Burton referenced a Sunday Times investigation into cataract providers, which was carried out earlier this year. The AOP provided a response to the article at the time, as well as publishing a summary addressing key points raised in the report.

The Royal College of Ophthalmologists is calling for differential tariffs for NHS and private providers, Burton said.

The NHS could then “reinvest a fraction of the money saved to set up high-flow diagnostic and monitoring centres across the country, run by the NHS in the community,” he added.

Burton also expressed the need for the creation of an eye care board, “with powers to direct eye care and to get the best outcomes for our patients, as well as make the best use of resources.”

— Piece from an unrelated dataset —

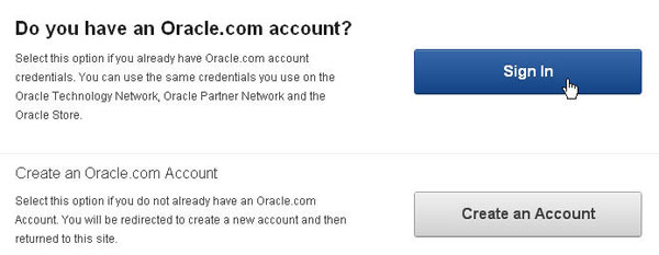 You must have an Oracle.com account. Click Sign In if you already have one or click Create an Account. If you go through the steps to create an account, perform the steps above again and click Sign In on this page.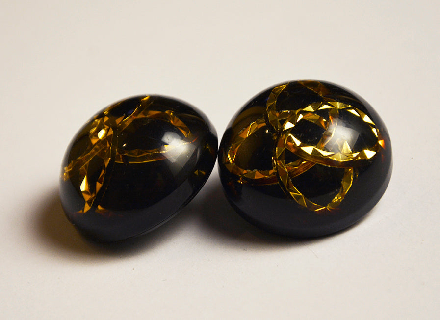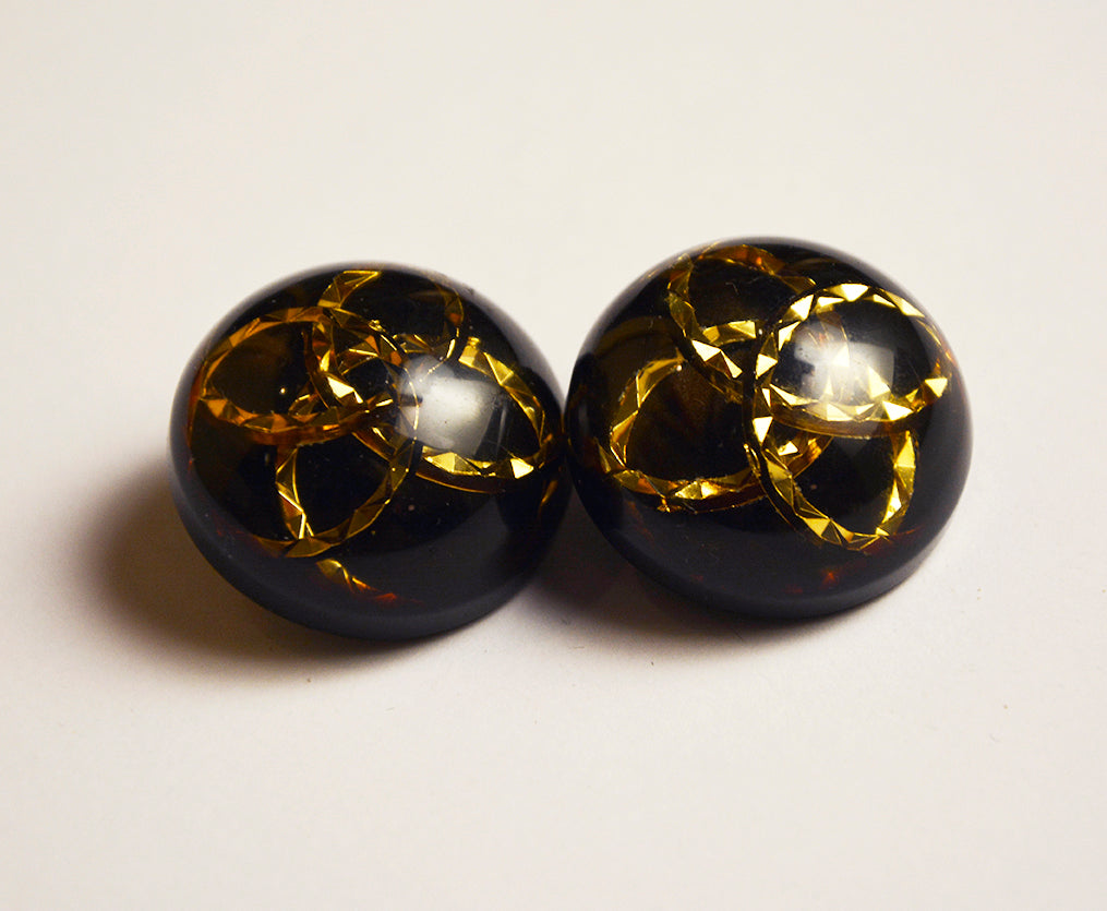 Puolipallon muotoinen nappi. Napin sisällä neljä kultaista rengasta. Halkaisija 3cm, korkeus 1,5cm.

This is how ophthalmology can assist in achieving the Government’s aim of moving care into the community, Burton believes.

Why primary care integration is key to the left shift

Burton was speaking as part of the From Hospital to Community: Transforming the patient experience panel during the conference fringe, alongside representatives from Roche, The King’s Fund, National Voices and Asthma + Lung UK. The event was organised by the Health & Care Forum.

Dr Simon Opher MBE, MP for Stroud and chair of the All-Party Parliamentary Group on Health, was also speaking on the panel.

Opher, a former GP, noted that avoiding the political pressure to focus resources on hospitals is a challenge and a “difficult sell” when trying to get the public on board.

The NHS must invest in “integrating community care with general practice,” Opher believes.

Opher is excited about the prospect of a neighbourhood health service, and about the prospect of getting pharmacy, dentistry and the voluntary sector involved, he said.

Primary care practitioners must share patient care and work as a team, with a neighbourhood health centre at the core, he added.

Kate Rowbotham, UK General Manager at Roche, agreed that a successful shift to care in the community will only come from improving relationships.

“The shift that has been proposed is going to be challenging, and it’s not going to be achieved by one party. It’s going to take partnership,” Rowbotham said.

Roche is committed to partnering with peer organisations, NHS providers, the Government, patient groups, voluntary organisations, and with patients, to help make the shift, she said.

Roche is part of The Eyes Have It, the lobbying group for eye care within the Westminster parliament, of which the AOP and the Royal College of Ophthalmologists are also members.

The role of technology

Burton noted that one of the biggest problems that eye care practitioners encounter is IT integration.

He used the example of optical coherence tomography not working effectively when interoperability between primary and secondary care is so poor.

"When an optometrist sees a patient and does a scan of the retina, and then thinks that they need to come to the hospital, they send us a picture,” Burto explained.

“We might get a photocopy, and it might get printed out in black and white. We don’t have an electronic copy; we’ve seen one slice of the 32 slices [of the retina], and then we’re expect to make a decision about that, and can’t.”

Burton described the lack of connectivity as “a complete, hopeless mess.”

Duplication of work that comes from poor technology is a problem too, Burton explained.

“It may well be something that we saw a month earlier, but because they [the patient] saw a different optometrist, they don’t know that we’ve already seen them,” he said.

He added: “It takes 10 minutes of consultant time to turn the computer on and get the electronic health record to work on, so we can find it.”

Burton emphasised: “There are huge IT problems that are causing massive inefficiencies within the system, and duplication of work.”

Sarah Sleet, chief executive of Asthma + Lung UK, noted that the health sector often fails to look at “the whole person” – and often this is partly the fault of the technology used.

“Unfortunately, the system doesn’t quite organise itself in an integrated way that looks at that person as a whole person,” Sleet said.

“We really need to tackle that, and I think it can only be done in community, because that is where you see the whole person’s life, rather than in hospital, where they tend to come in with a condition that needs to be dealt with by a specialist.”